>>>

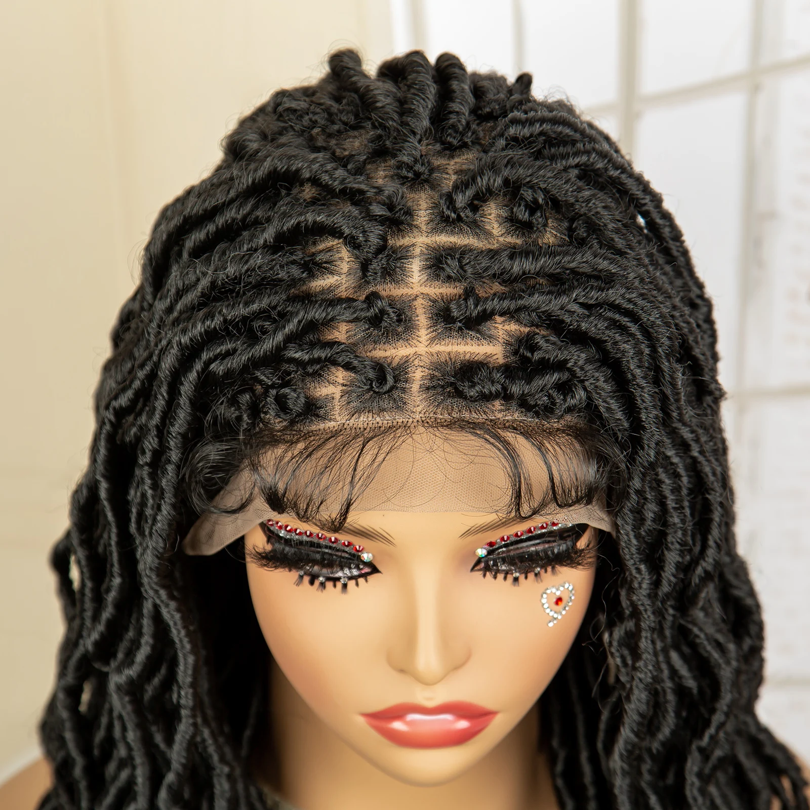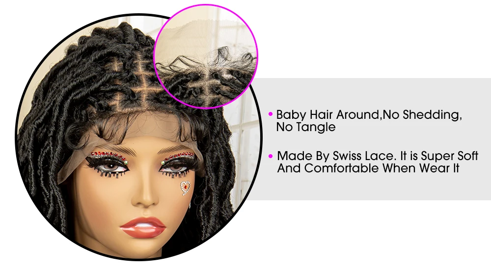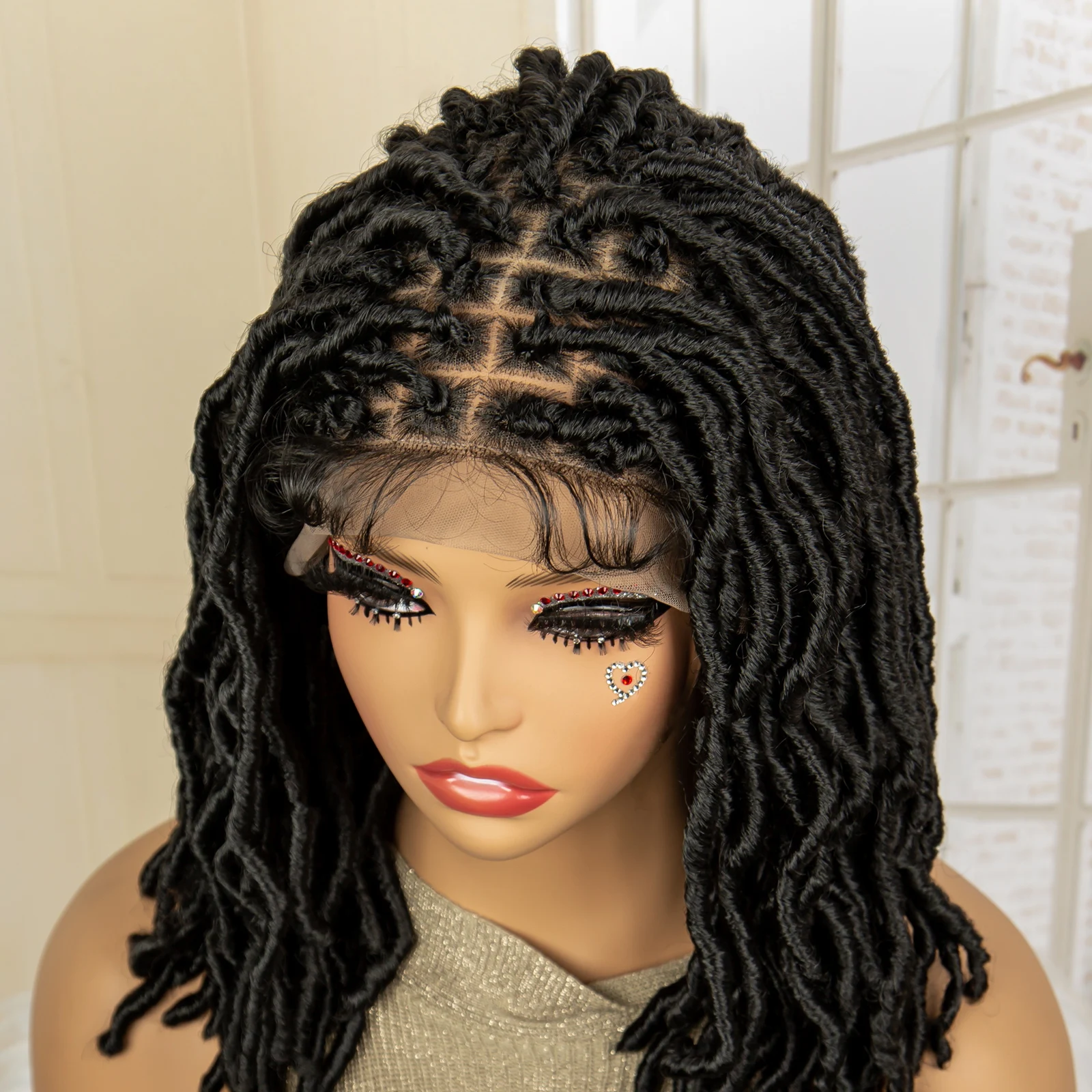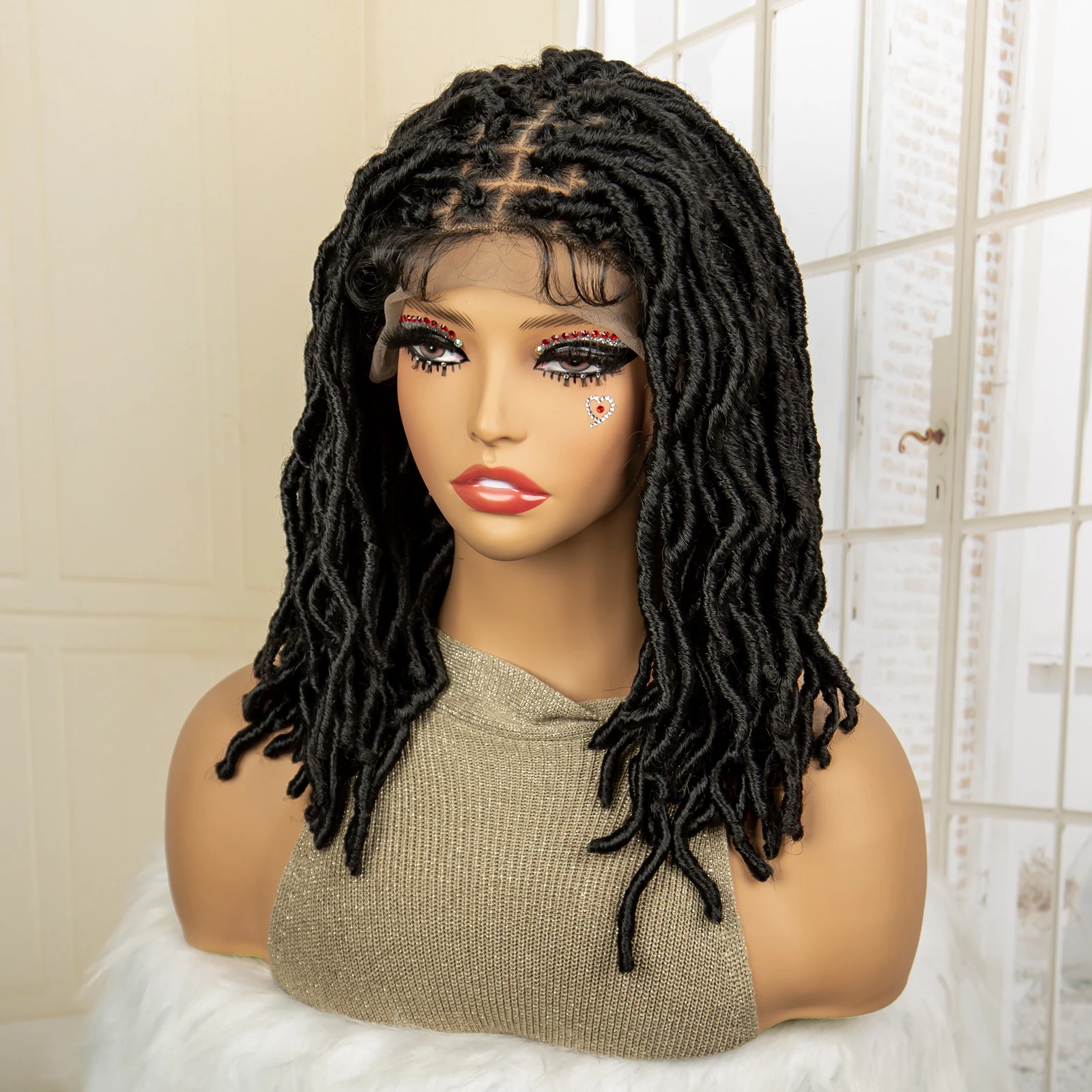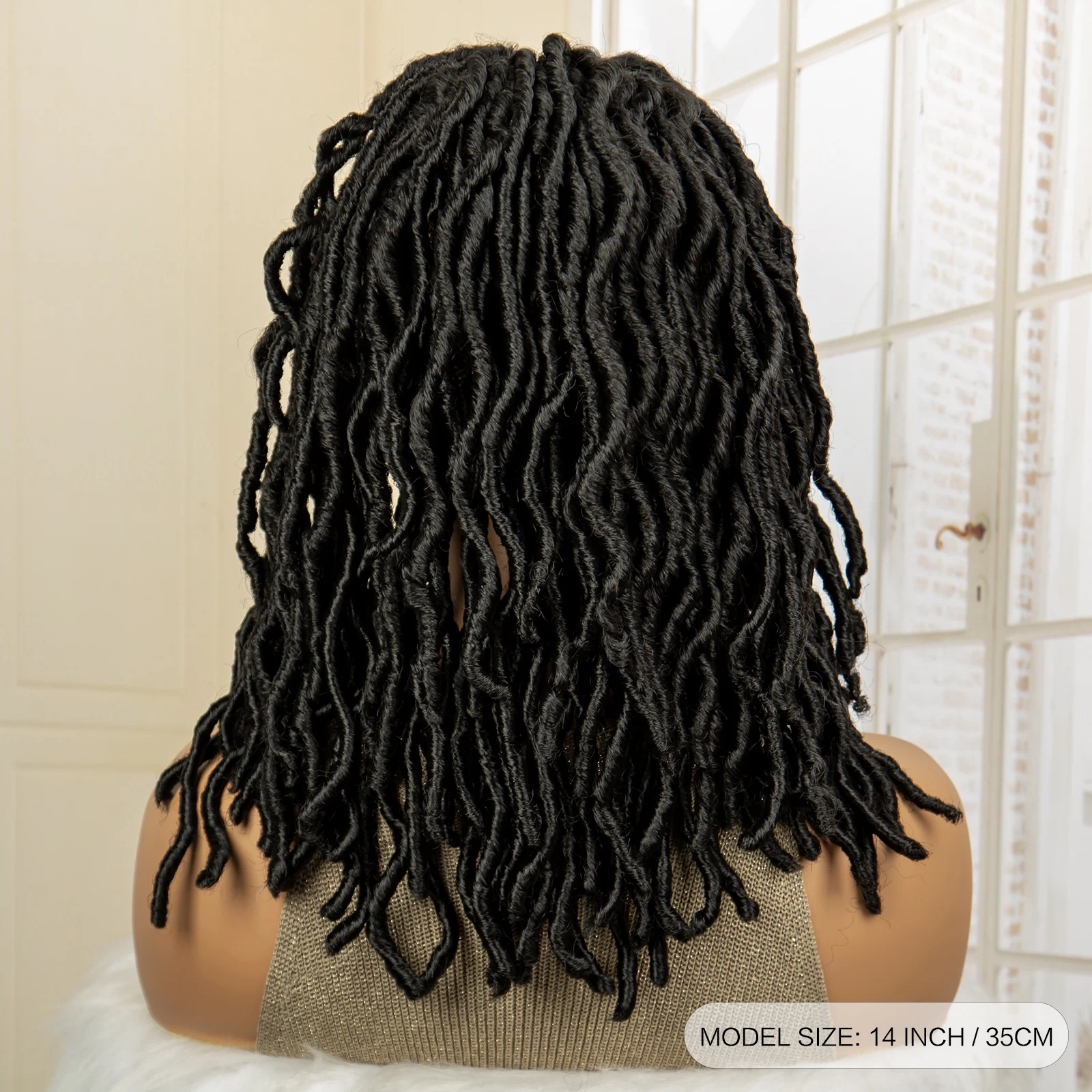 Short Synthetic Locs Braided Wigs Lace Frontal Knotless Box Braids Wig with Baby Hair for Black Women 14 Inches Lightweight Wig
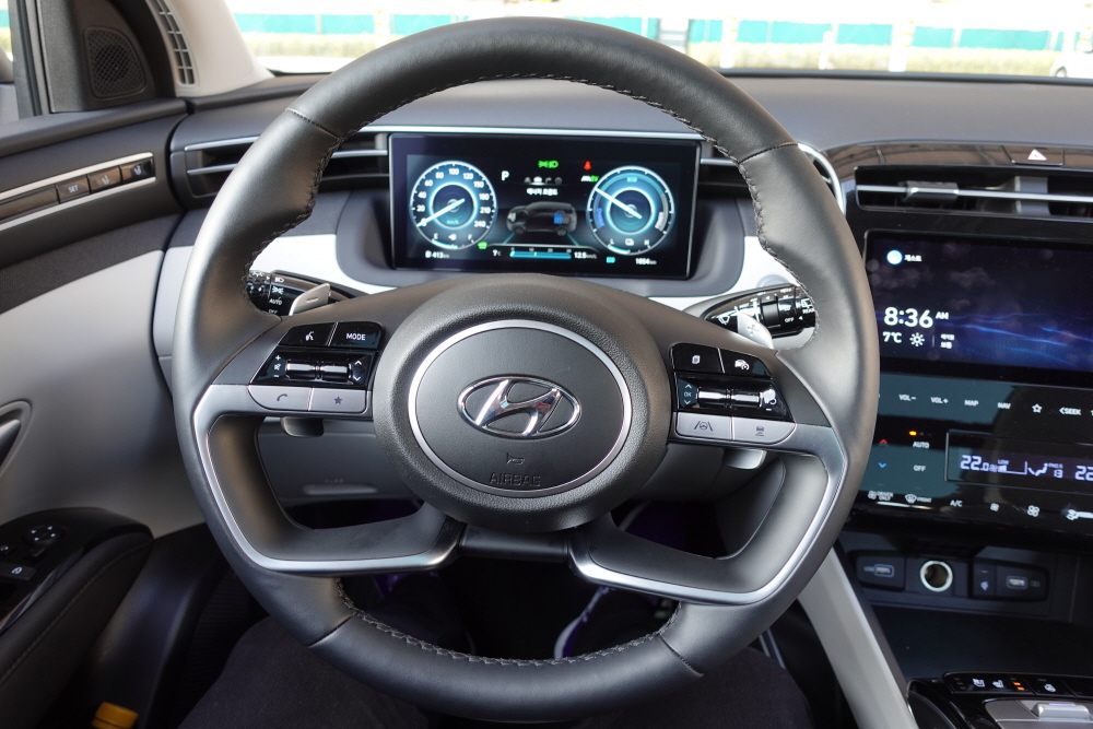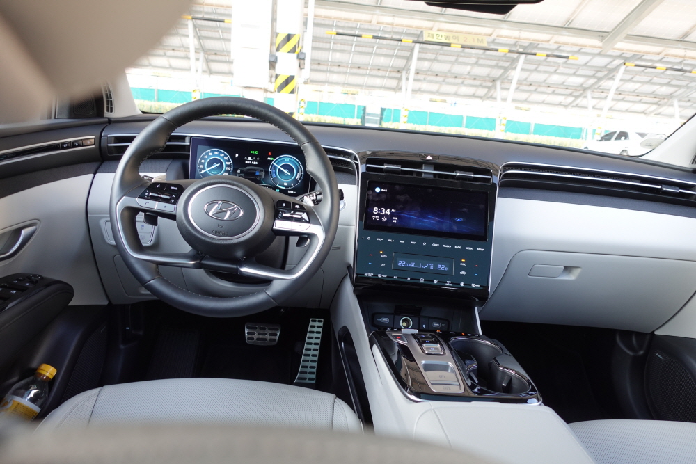 하이브리드 모델이지만 스티어링 휠은 굉장히 스포티한 느낌을 보여주고 있습니다. 이뿐만이 아니라 하이브리드 모델은 연비를 생각하면서 회생제동 쉬프트로 사용되는 경우가 많지만 투싼 하이브리드 모델은 자동 6단 변속기를 주행 중 자유자재로 변속할 수가 있습니다.
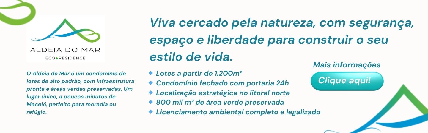 Você está em busca de lotes em condomínio fechado com infraestrutura pronta, segurança jurídica e contato direto com a natureza? Conheça o Aldeia do Mar, um empreendimento único em Maceió que une exclusividade, sustentabilidade e alto padrão urbanístico em um só lugar.
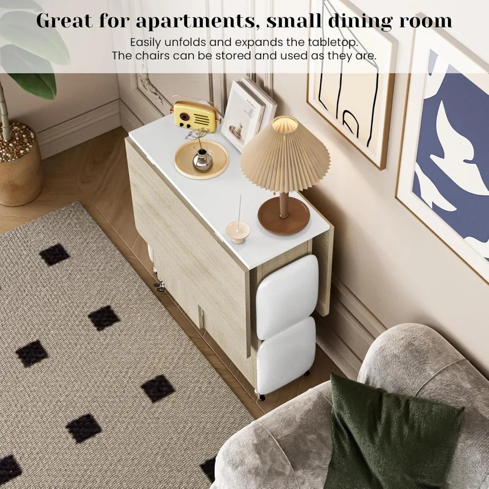 - 🪑【Space-Saving】Folding dining table can be unfolded or stored anytime according to your needs. Fully unfolded, it is suitable for multi-person dining; half unfolded, it can be used as a wall-mounted office; fully folded, it can be used as a decorative cabinet, which is very flexible and maneuverable.
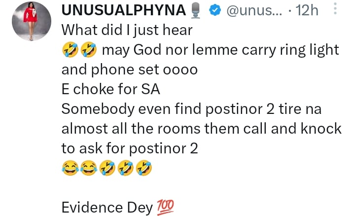 “What did I just hear 🤣🤣 may God nor lemme carry ring light and phone set oooo. E choke for SA. Somebody even find postinor 2 tire na almost all the rooms them call and knock to ask for postinor 2😂😂🤣🤣🤣
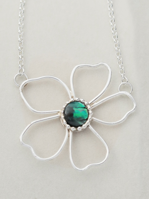 Ref 05 // £55 Delicate daisy pendant with deep coloured abalone shell centre. This one includes chain!
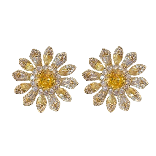 These 1" statement studs feature a radiant citrine-toned crystal center surrounded by shimmering pavé and petal-like faceted stones. Inspired by the warm glow of the Tuscan countryside, their bold floral silhouette feels vintage-inspired yet fresh. Perfect for adding a sunlit pop to summer dresses, linen sets, and resort-ready looks.
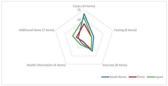 Figure 5 presents an overview of the performance of information disclosure on the COVID-19 dashboard in South Korea, China, and Japan using a radar chart. To assess COVID-19 information disclosure, the checklist for the COVID-19 dashboard website’s structure consisted of 39 items in five categories (cases, testing, vaccines, health information, and additional items). Generally, South Korea did well in cases, testing, and vaccines, and Japan did well in both health information and additional items.
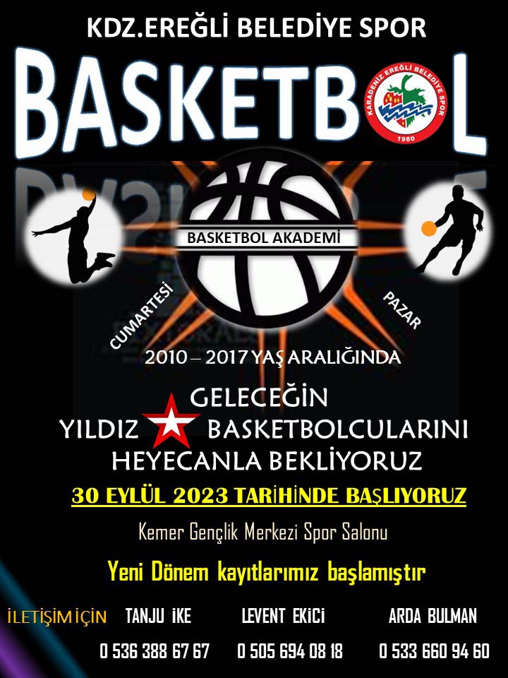 Kdz. Ereğli Belediyespor Kulübü tarafından; 2019 yılından beri faaliyetlerine başarı ile devam eden ve gençlerimizi spor kültürüyle buluşturan Basketbol Spor Okulu 2023-2024 sezonu açılışını 30 Eylül 2023 Cumartesi gerçekleştirecek.
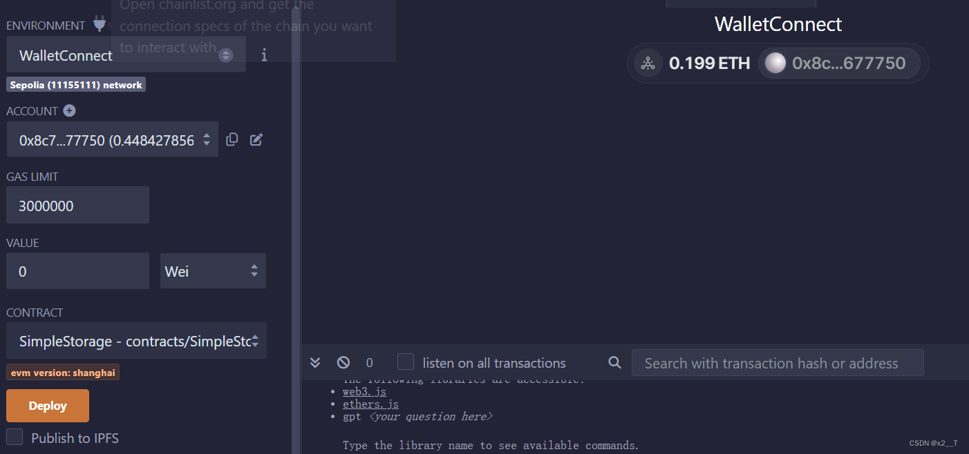 - 先改变网络,然后进行connect,随后account会自动填入,接着点击Deploy

<<<

Task statement: Pictures should not appear; only the lines from the start of the listing above to the line containing "하이브리드 모델이지만 스티어링", both ends included, are to be repeated exactly.

Result of the task:
 Short Synthetic Locs Braided Wigs Lace Frontal Knotless Box Braids Wig with Baby Hair for Black Women 14 Inches Lightweight Wig
 하이브리드 모델이지만 스티어링 휠은 굉장히 스포티한 느낌을 보여주고 있습니다. 이뿐만이 아니라 하이브리드 모델은 연비를 생각하면서 회생제동 쉬프트로 사용되는 경우가 많지만 투싼 하이브리드 모델은 자동 6단 변속기를 주행 중 자유자재로 변속할 수가 있습니다.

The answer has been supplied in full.